I felt that it would be a fun challenge to try and reverse-engineer MATLAB’s data format. In the next couple of posts I’ll share with you what I have learned so far.
Note: I will be focussing entirely on the v7.3 version of MAT-files, which is MATLAB’s most modern and most proprietary format. That said, some of the key concepts will carry over to older versions.
What is HDF5?
MAT v7.3 builds on the HDF5 format, so it’d serve us well to dwell on this first. I’ll keep this as brief as I can.
HDF5 is a file format designed for storing large amounts of data. An HDF5 file is basically a filesystem in a file, but with a few crucial differences:
- Directories are called groups and files are called datasets.
- Datasets can’t contain arbitrary data; rather, they are (possibly multidimensional) rectangular arrays containing homogeneous data.
- Groups and datasets can have metadata in the form of attributes.
- Unlike an ordinary filesystem, there can be multiple paths leading to the same dataset. This can be helpful for bookkeeping. Suppose you want to do multiple version of an experiment over multiple days. A traditional filesystem would force you to either sort your data ‘by day’ or sort it ‘by experiment version’. Non-unique paths in HDF5 allow you to do both at once. We will not use this feature.
Some toy MAT-files
We start with a couple of toy examples to get our feet wet.
>> x = 9001; >> save('double.mat', 'x', '-v7.3');
After creating a variable x
, we use the
save
function to save this variable in a MAT-file. We
explicitly specify that we want to store it in the
v7.3
format.
We are going to use the Julia wrapper HDF5.jl to analyse our MAT-files.
julia> using HDF5 julia> h = h5open("double.mat")
Let's see the output.
🗂️ HDF5.File: (read-only) double.mat └─ 🔢 x └─ 🏷️ MATLAB_class
Our HDF5 🗂️ file has a single 🔢 dataset /x
,
which in turn has an 🏷️ attribute MATLAB_class
. We
read our the contents and the attribute as follows.

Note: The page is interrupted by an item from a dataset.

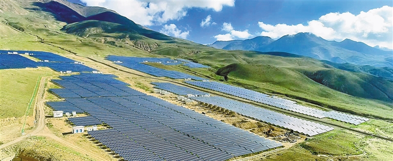 圖為措美縣城附近山坡上的一排排光伏發(fā)電板。措美縣融媒體中心供圖
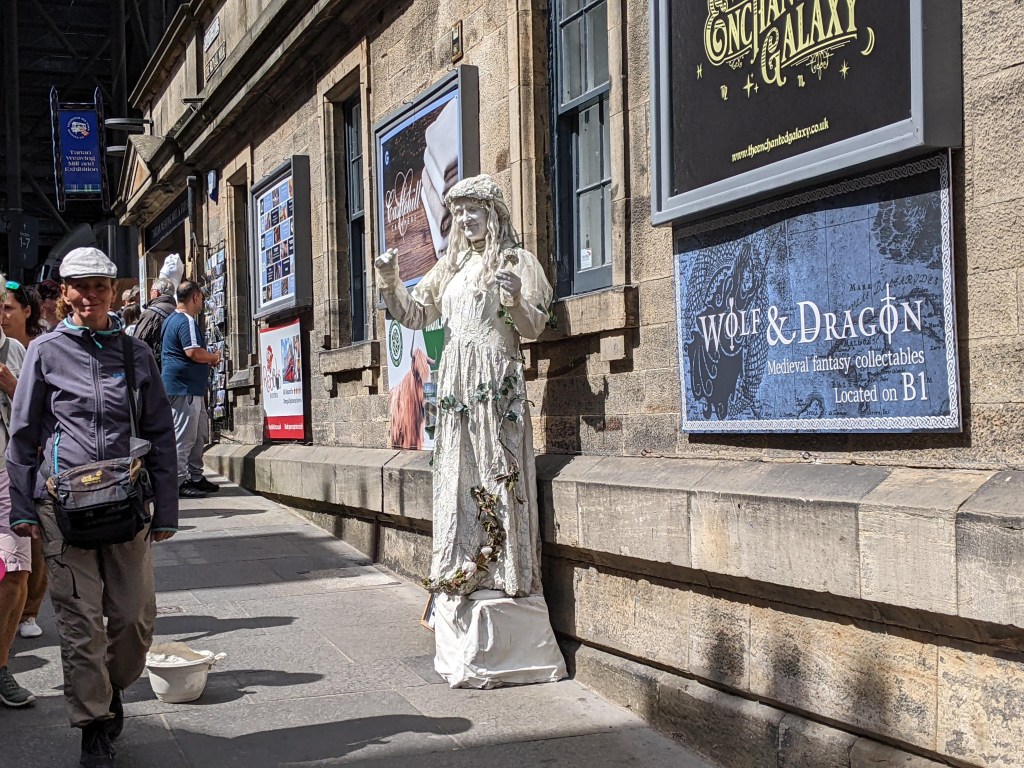 We saw the memorial to Greyfriar’s Bobby, the little pup who faithfully guarded his master’s grave for fourteen years. The patina has worn off his nose, as so many people touch him for luck.

julia> read_attribute(h["x"], "MATLAB_class") "double"
julia> read(h["x"]) 1×1 Matrix{Float64}: 9001.0
So there you have it, the value we were looking for. In typical MATLAB fashion, it is comfortably wrapped in a 1-by-1 matrix.
Here’s another toy example.
>> x = 'Foobar'; >> save('char.mat', 'x', '-v7.3');
We open it with HDF5.jl and obtain the following:
julia> h = h5open("char.mat") 🗂️ HDF5.File: (read-only) char.mat └─ 🔢 x ├─ 🏷️ MATLAB_class └─ 🏷️ MATLAB_int_decode
We read out /x
in the same way as before:
julia> read(h["x"])
1×6 Matrix{UInt16}:
0x0046 0x006f 0x006f 0x0062 0x0061 0x0072
These numbers are simply the ASCII representation of
'Foobar'
. As for the 🏷️ attributes, the
MATLAB_class
attribute reads out as "char"
,
but not we also find a mysterious
MATLAB_int_decode
attribute, which returns 2
.
Now for one more toy example. We ramp up the complexity ever so slightly.

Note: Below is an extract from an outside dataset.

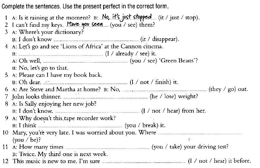 3. A: Where's your dictionary? B: I don't know, it's just disappeared.

x = struct(); x.Foo = 9001; x.Bar = 9002; save('struct.mat', 'x', '-v7.3');
julia> h = h5open("struct.mat") 🗂️ HDF5.File: (read-only) struct.mat ├─ 📂 #refs# │ └─ 🔢 a │ ├─ 🏷️ MATLAB_class │ └─ 🏷️ MATLAB_empty └─ 📂 x ├─ 🏷️ MATLAB_class ├─ 🏷️ MATLAB_fields ├─ 🔢 Bar │ ├─ 🏷️ H5PATH │ └─ 🏷️ MATLAB_class └─ 🔢 Foo ├─ 🏷️ H5PATH └─ 🏷️ MATLAB_class
That already looks a lot scarier, but we easily recognise our fields
Foo
and Bar
. The 📂 indicates that
/x
is now a group rather than a dataset. In turn,
/x
contains the 🔢 datasets /x/Foo
and
/x/Bar
which inevitably have the numbers
9001
and 9002
hidden within them.
julia> read(h["x"]["Foo"]) 1×1 Matrix{Float64}: 9001.0
julia> read(h["x"]["Bar"]) 1×1 Matrix{Float64}: 9002.0
Let’s also read out some of the attributes to get a better feel for the metadata.
julia> read_attribute(h["x"], "MATLAB_class") "struct"

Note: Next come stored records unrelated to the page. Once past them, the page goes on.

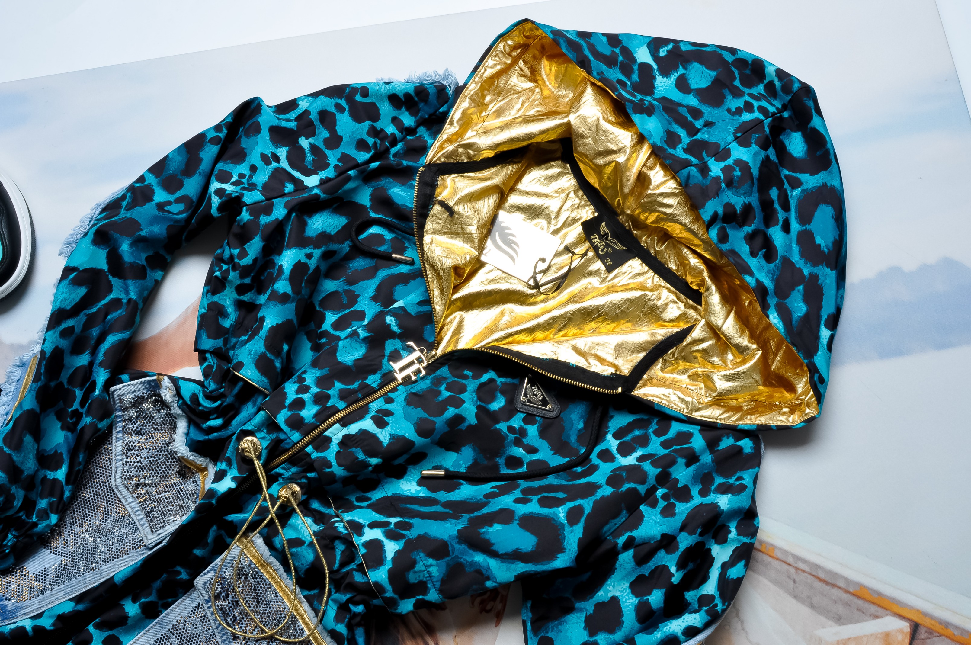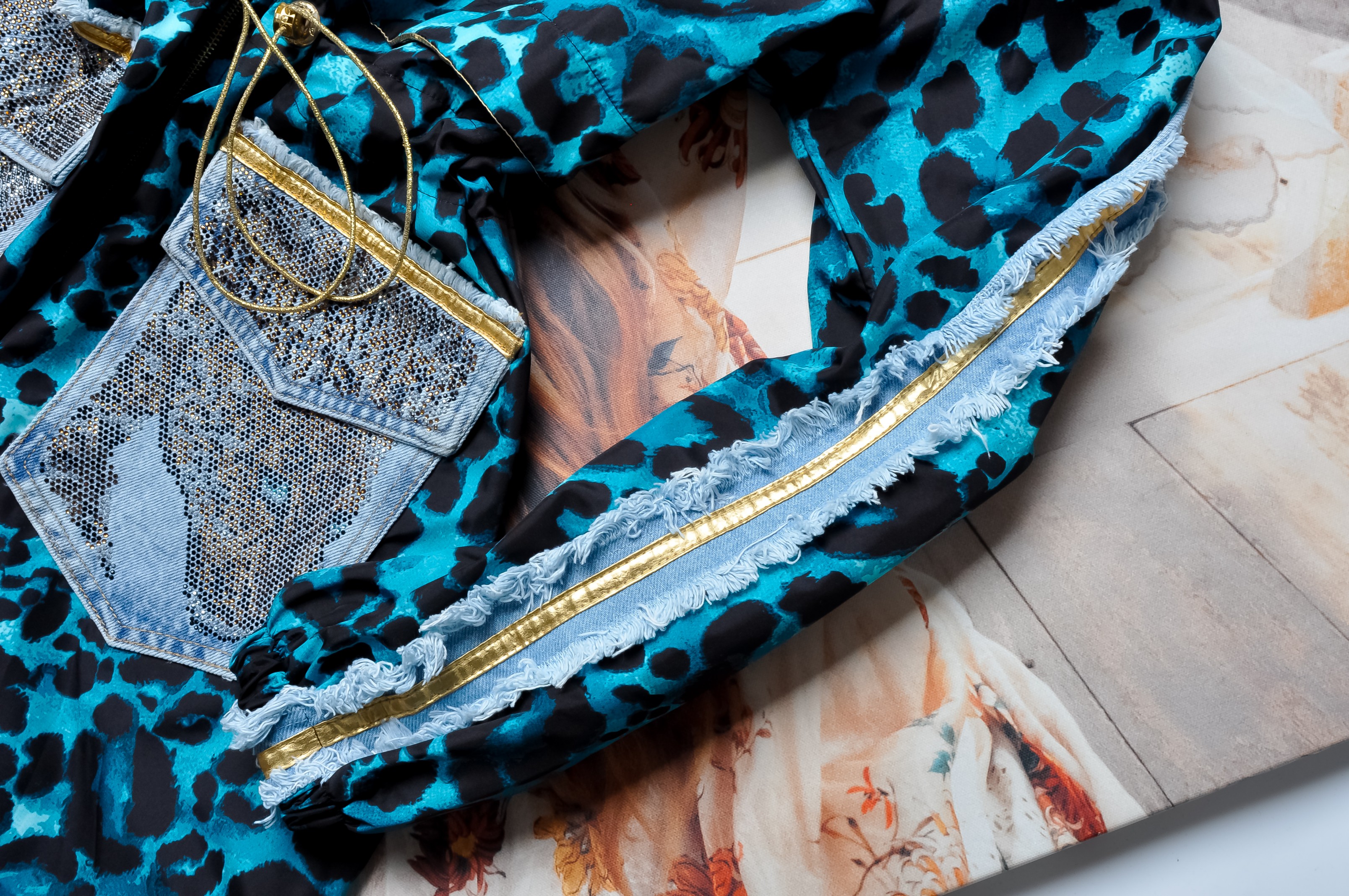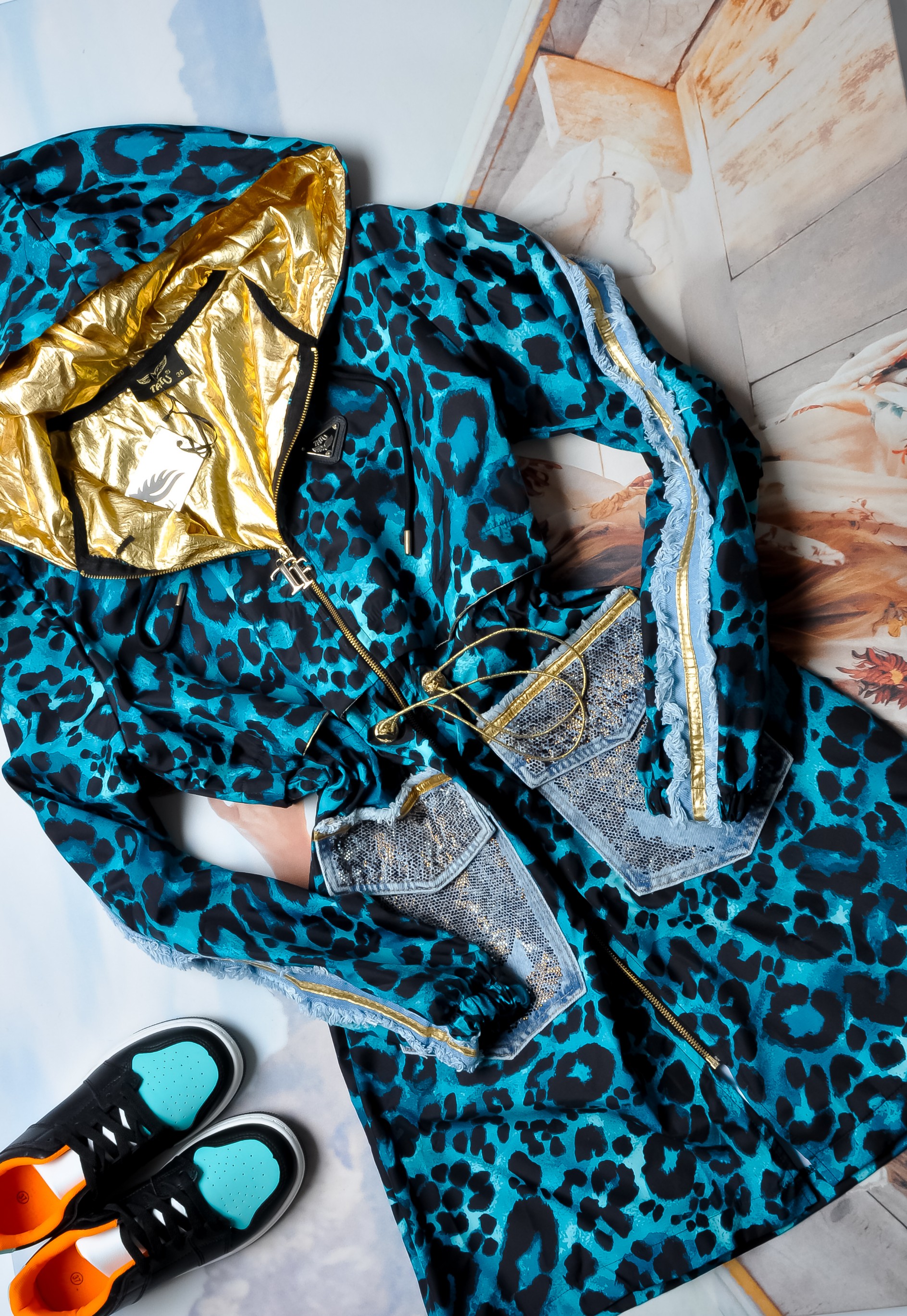 Materiałowa turkusowa kurtka - parka w motywie pantery. Posiada kaptur . Krój parki luźny - prosty, zwężana w talii sznureczkami. Z przodu jeansowe kieszenie wykończone cyrkoniami. Na rękawach jeansowe lampasy.
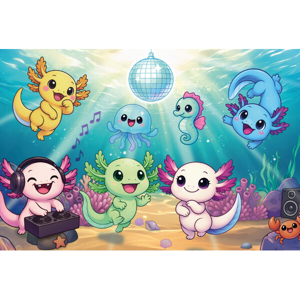 Puzzle 100 Teile Axolotl ist ein schönes Motiv mit tanzenden Axolotln auf dem Meeresboden.
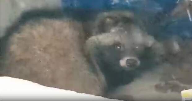 Очевидцы вызвали на помощь спасателей, которые смогли за несколько минут достать енота из подвала.
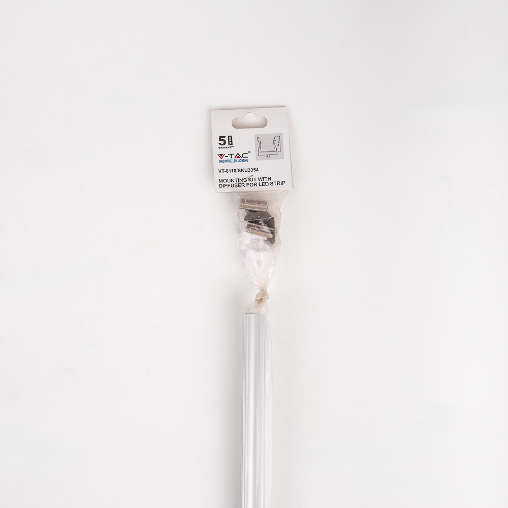 W zestawie, profil 2 metry, zaślepki końcowe, uchwyty montażowe oraz klosz mleczny
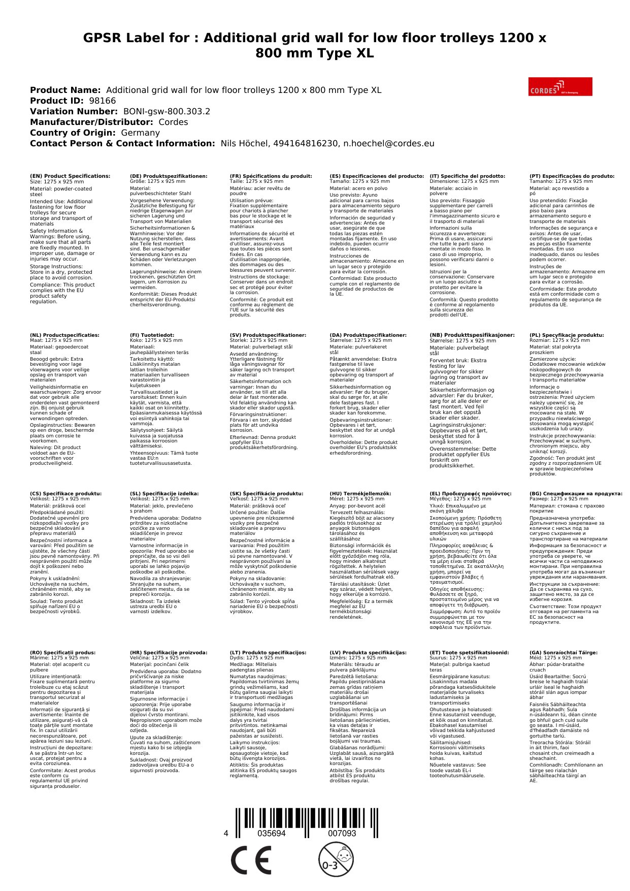 Die Gitterwand ist speziell für niedrige Etagenwagen mit den Maßen 1200 x 800 mm konzipiert. Bitte überprüfen Sie die Maße Ihres Wagens, um sicherzustellen, dass die Gitterwand passt.
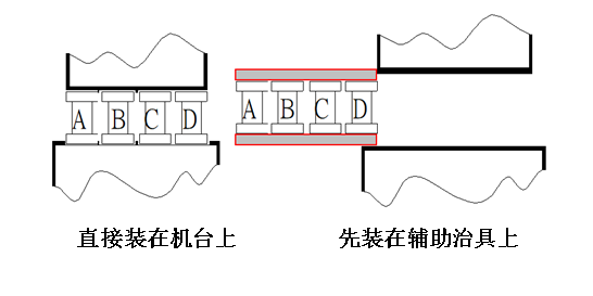 某模具有“A、B、C、D”四個組成部分,換模時需要逐個裝入設備;某改善小組應用輔助治具,在換模前將“A、B、C、D”四個部分先裝入輔助治具,換模時直接裝入設備,成功實現內部作業向外部作業轉化;示意圖如下:

julia> read_attribute(h["x"], "MATLAB_fields") 2-element Vector{Vector{String}}: ["F", "o", "o"] ["B", "a", "r"]
What about those H5PATH
attributes?
julia> read_attribute(h["x"]["Foo"], "H5PATH") "/x"
julia> read_attribute(h["x"]["Bar"], "H5PATH") "/x"
Some rather redundant metadata. Not to be concerned about.
For completeness, I also want to briefly check out the other dataset,
📂 /#refs#
. It cannot possibly contain anything of
value since we already have all the information needed to reconstruct
our object, but as it happens, 📂 /#refs#
will wind up
becoming very important later on.
julia> read(h["#refs#"]["a"]) 2-element Vector{UInt64}: 0x0000000000000000 0x0000000000000000
julia> read_attribute(h["#refs#"]["a"], "MATLAB_class") "canonical empty"
julia> read_attribute(h["#refs#"]["a"], "MATLAB_empty") 0x01
A bunch of numbers of class "canonical empty"
. There is
nothing that we can make out from this, frankly, but it’s good to
know it’s there.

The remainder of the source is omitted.